8
Лосные от пота, со взмыленными шеями, кони тяжело поводили опавшими боками, всхрапывали и фыркали, скидывая с губ пену, и тянулись к воде. Вода и у берега-бежала скоро, а ближе к середине реки и вовсе вскипала от бега белыми бурунами. Ветер был свеж и угонист. От дальнего зеленого острова, клином разрезавшего реку надвое, хлопая лоскутьями парусов, поднимались вертлявые рыбацкие учаны, спеша до захода солнца приколоться у врытых на мелководье осклизлых бревен или причалиться к вытянутым вдоль берега бревенчатым же мосткам нижегородской пристани.
Вот и кончилась бешеная трехдневная гонка: далее бечь стало некуда…
Бросив поводья, Тверитин кулем вывалился из седла, развалисто загребая ногами, увязая ими по щиколотку в глубоком сыпучем песке, пошел вдоль берега, будто все не мог остановить в сердце безнадежного гона.

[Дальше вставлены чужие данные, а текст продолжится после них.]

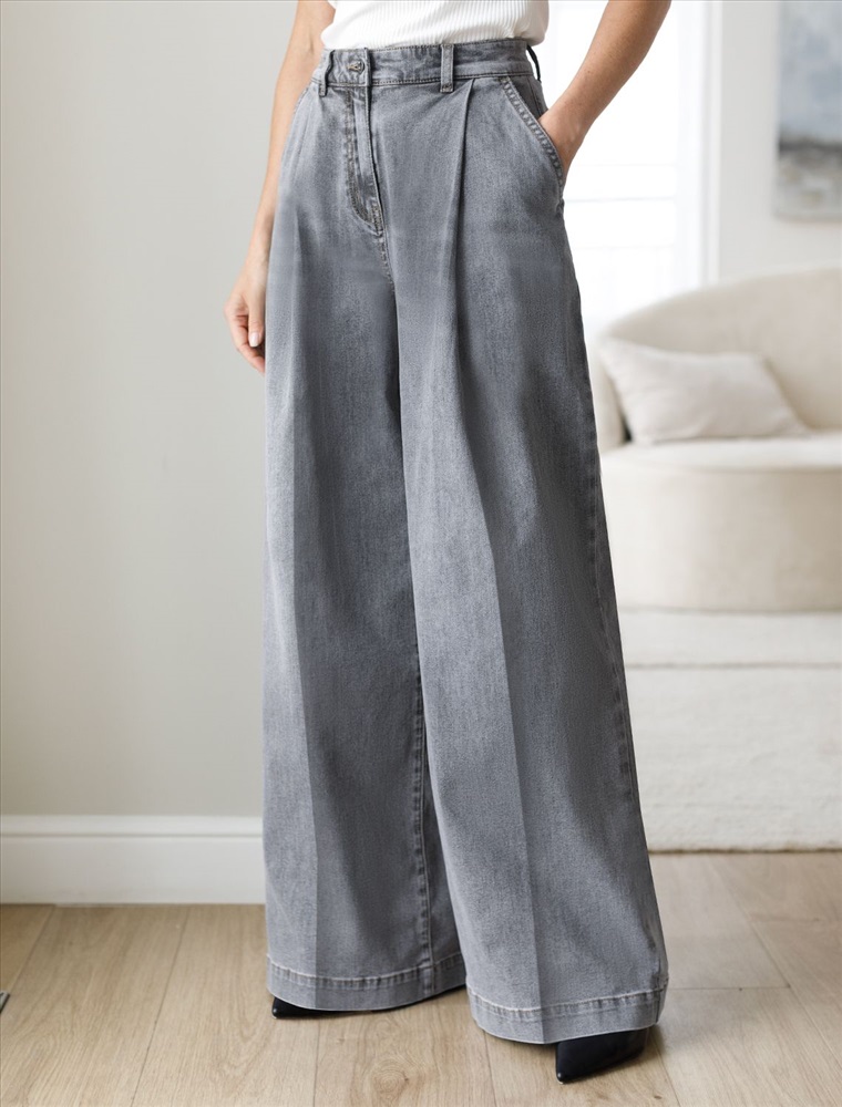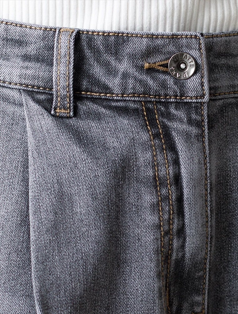 Свободные широкие джинсы серого цвета с защипами из эластичного денима плотностью 10,3 OZ созданы для тех, кто ценит комфорт и стиль в повседневной жизни. При производстве джинсов применена технология «вареные швы», которая основана на локальном вымывании красителя из плотных участков ткани — сгибов и швов — за счет механического воздействия во время промышленной стирки. Стоун вошинг - энзимная стирка с камнями. Камни воздействуют на ткань, выбивая краску на швах, создавая контрастные мраморные потертости и мягкость. Модель отличается свободным кроем, который обеспечивает удобство движений и гармонично подчеркивает современный силуэт. Защипы добавляют изюминку и делают образ более интересным, а также визуально вытягивают силуэт. Благодаря использованию эластана материал сохраняет свою форму даже после длительной носки и многочисленных стирок.

Сказал бы ему кто сейчас: плыви, Ефрем, авось и догонишь! Ефрем бы, не думая, прыгнул в воду и поплыл. И плыл бы до тех пор, пока б не догнал или не потонул. Все было бы легче, чем бессильно провожать глазами течение. Однако никто не мог ему посулить в том удачи ни на полмизинца, ни на малый гулькин нос, ни на маковое зерно…
«Эх!..»
Всего-то день светлый назад побежали от этих мостков вниз по Волге быстроходные струги московского князя Юрия, которыми снабдили его то ли чересчур хитрые, то ли простодушные нижегородцы. Всего-то день! Но уже ни водой, ни посуху его не достать. Ушел! Будто черт ему помогает.
«Эх!..»
Хоть и течет Волженька от Твери, а службу несет всякому одинаково: немец ли по ней купеческим караваном идет, татарин ли по ее берегам города ставит, московский ли вор летит по ней на самолетной лодье всей Руси на погибель.
«Эх!..»
Только и осталось вздыхать! Кабы мог достать, Ефрем бы локти себе искусал, да не дано человеку в отчаянии и этого последнего утешения.

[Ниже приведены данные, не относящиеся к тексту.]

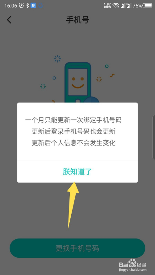 会弹出一个窗口,一个月只能更新一次绑定手机号码,点击知道了。如图所示

Оставалось лишь… А что ему оставалось? Может быть, впервые в жизни Ефрем не знал, как ему поступить. Возвращаться ли в Тверь и там ждать наказания от князя, идти ли Сарай, чтобы уж поскорее повиниться перед Михаилом Ярославичем. И то и это было одинаково тягостно. Да и в чем виниться-то, когда вины на нем нет. А коли нет вины — нет ему и прощения. Сам себя Тверитин не мог простить, самое тяжелое это из худшего — знать, что виноват, да не понять в чем.
Забыв о своих людях, не трогавшихся с лошадей и оставшихся позади, Ефрем бессмысленно уходил все дальше, покуда не нагнал его верхом Кряжев.
— Что делать-то будем, Ефрем Проныч?
— А?..
— Нижегородцы из выборных прибежали виниться, слышь ты, Ефрем Проныч!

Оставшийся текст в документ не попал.